05 Jan The Singapore Economy 2013: Inflation and what it means for you.

After allowing scandals to hog the headlines over the past year, editors at The Straits Times moved into a pensive mood and put out two headliers on the economy. On the last day of 2012, the front page read ‘Slow growth next year: Economists’. The next day’s headlines read ‘Economy grew a slower 1.2%’. The contents were similar and bleak. In a nutshell:

‘Singapore will face another bout of slow growth and high inflation next year as the painful process of economic restructuring continues to bite. Even the employment market, which has held up relatively well this year, is likely to see fewer jobs created.’  Straits Times 31Dec12

Economists continue to banish inflation forecast figures like the Sword of Democales. The thought of one’s money losing value by the day is enough to strike fear in people’s heart. Let us take a step back and discuss what inflation really means. Let’s also examine the genesis of this inflationary policy and consider our options to battle the monster.

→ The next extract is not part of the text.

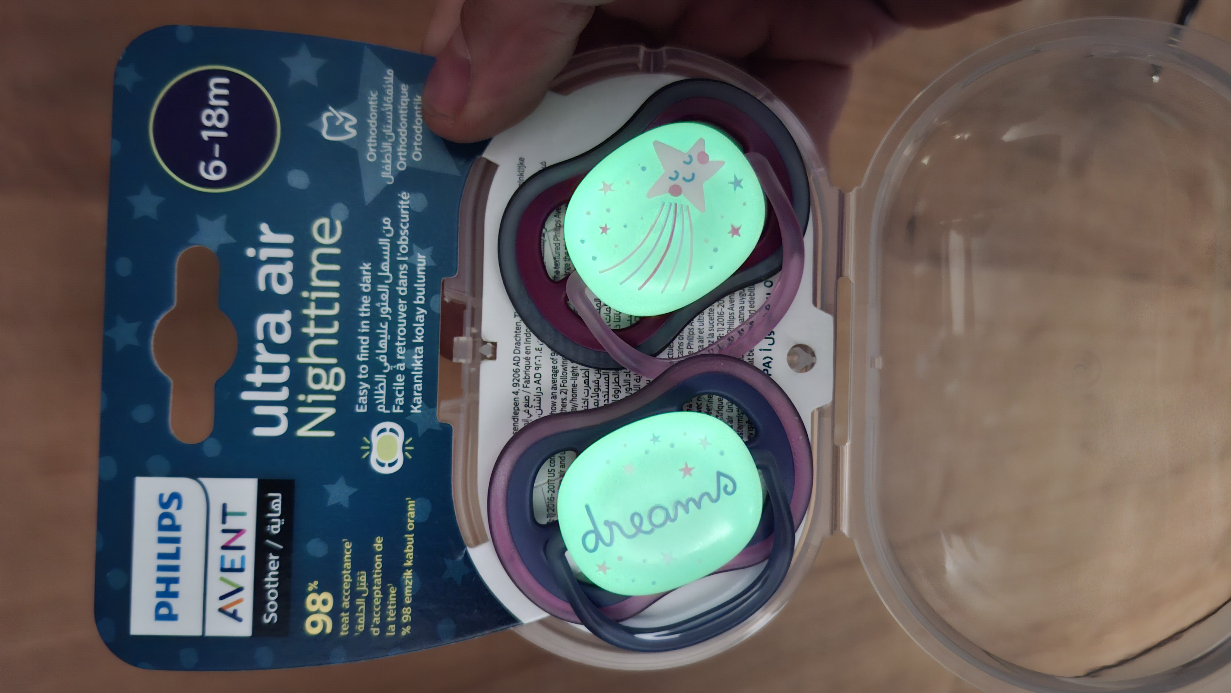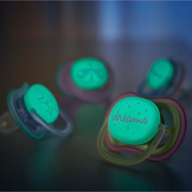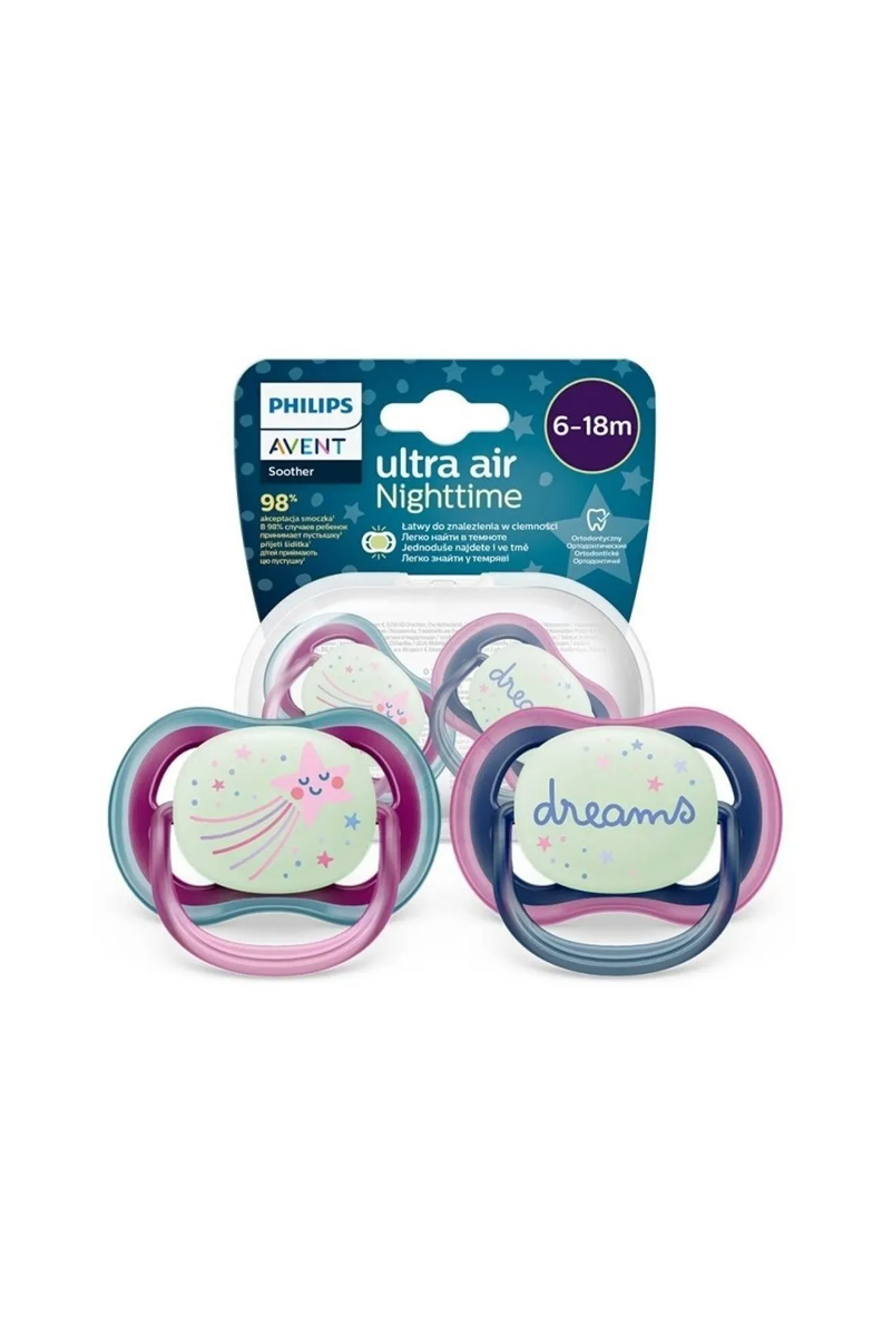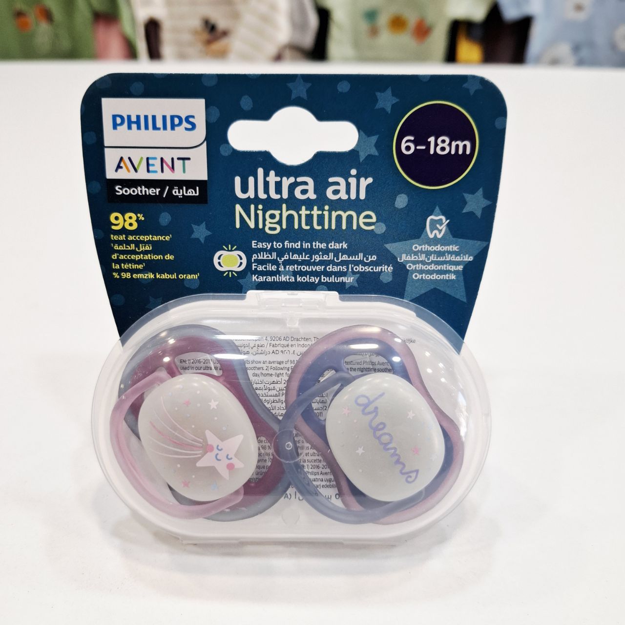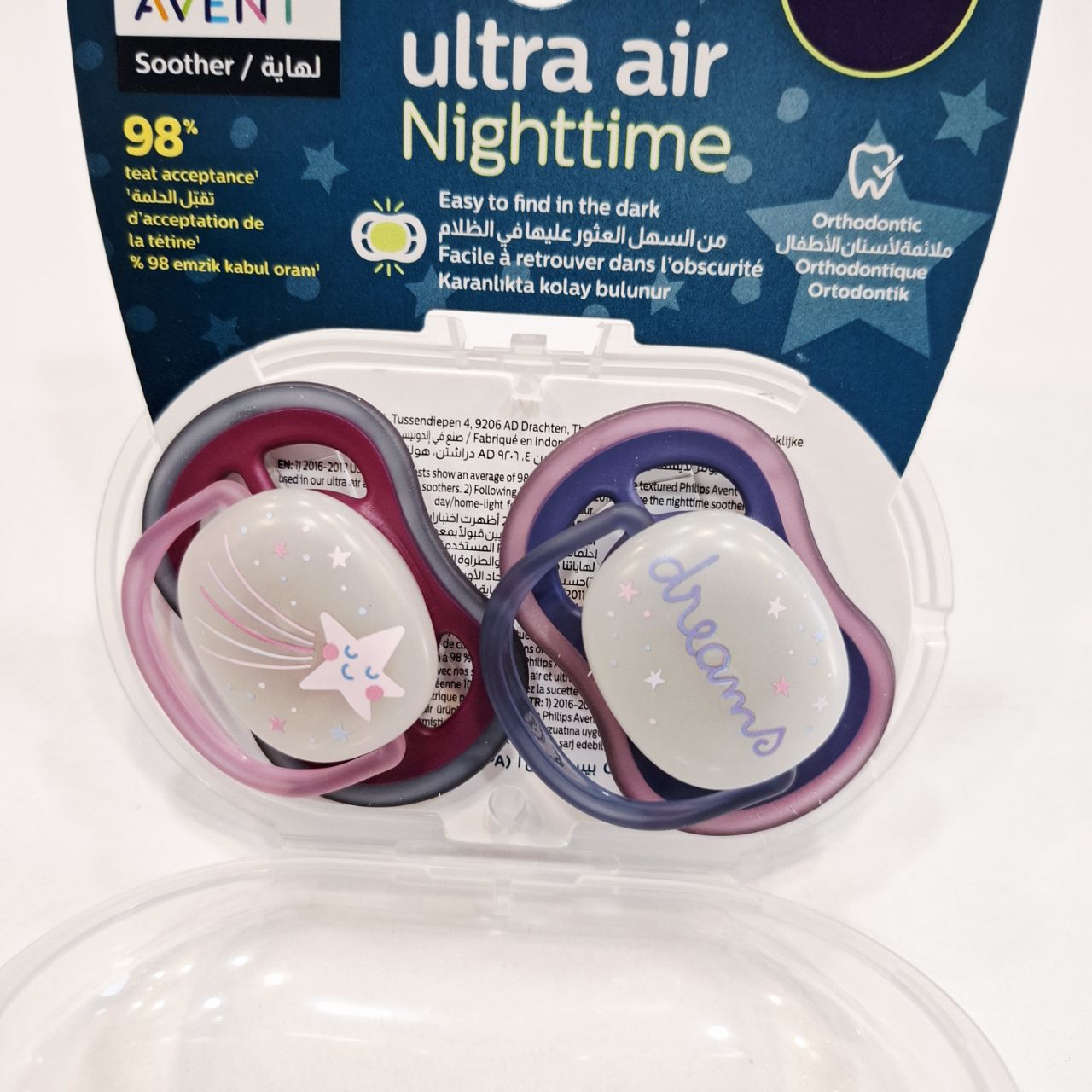 پستانک ارتودنسی بادامی دوتایی ۶تا۱۸ ماهگی شبرنگی الترا ایر فیلیپس اونت philips avent کدscf376/13

We know that trying to pick stocks can be very frustrating. Skip that frustration, get 21 ideas to finding profitable stocks in an instant. 

What is inflation?

We all know that Inflation is a rise in the general level of prices of goods and services over a period of time. When your dollar today gets you less than what your dollar could get you a year ago, you are at the receiving end of inflation.

In 1998, a copy of the Straits Times would cost 60 cents. Present day, the exact same publication is available in the newsstands for 90 cents. Price has increased 150% over a period of 15 years. While a 30 cent increase over such a long period of time is hardly significant by anybody’s terms, I intentionally used it as an example rather than HDB or COE prices (housing and transport are the major causes of inflation in Singapore) to show that while the main causes of inflation is normally attributed to rises in the price of big ticket items in the housing and transport category, they need not only apply to big ticket items but also to pertinent everyday spendings.

How is inflation measured in Singapore?

There are two measures of inflation applicable to Singapore.

Headline inflation is the more commonly available metric, and it is measured by an indicator known as the Consumer Price Index. What the CPI does is to track consumption expenditure by resident households and also representative items most commonly purchased by majority of households. Each individual item/category is weighted and their prices monitored. Measured against a base year (2009), an increase in prices across the board will result in an increase in the CPI. According the data from Singstats, the CPI increased from 102.8 in 2010. The resultant increase of 2.8% is taken to be the inflation figure for 2010 implying that the cost of maintaining a typical household in Singapore has increased by 2.8%. In other words, the value of money has decreased by 2.8% in 2011.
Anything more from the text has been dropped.